Not indexing is just one of the mistakes new gun owners often make. Failing to safety check—and clear the chamber is another.
“If you are going to be doing any kind of practical exercises such as dry fire you don’t even want a single round of ammunition in the room when you are doing the dry fire.”
It’s also important that you store a gun properly.
“But there is a little bit of a dilemma and that dilemma is that when you need to get access to it you need to get access to it really quickly,” Berman said.
That’s why Berman recommends a small single gun vault—that can quickly be opened with a card or fingerprint, or a wrist bracelet.
“These confrontations in the real world go down very quickly.”
Repetitive practice is also crucial—so that knowing how to handle the weapon becomes engrained in one’s mind—and Berman says they must also be ready and willing to use it.
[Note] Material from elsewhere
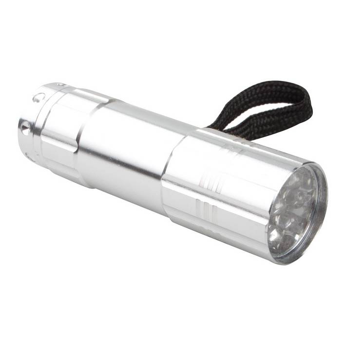 9 LED aluminium flashlight with carry strap. With 3 AAA batteries.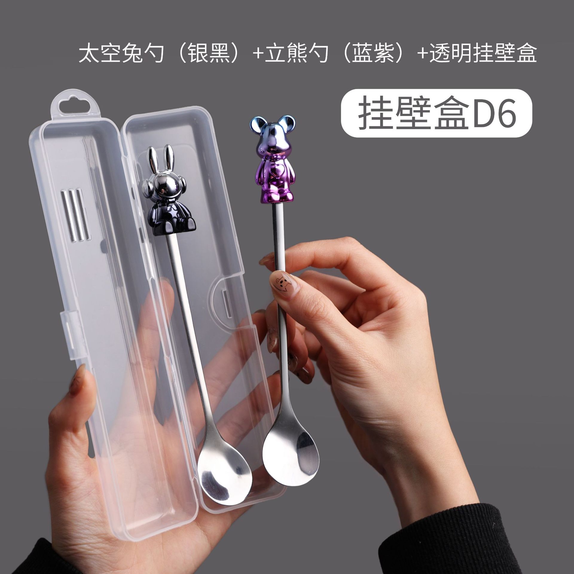 d6 silver black space rabbit spoon/blue purple bear spoon + storage box

“I have a lot of people that will come into the store and their attitude is I really don’t want to shoot anybody, I just want to show the gun to Mr. bad guy and that will scare him away. That’s another urban legend, it’s a pipe dream. You are setting yourself up to have your weapon taken away from you and used against you by Mr. bad guy,” he said.
Most gun shops either offer training or can tell you where you can get it. It's also your responsibility to know local, state, and federal laws that are relevant to you.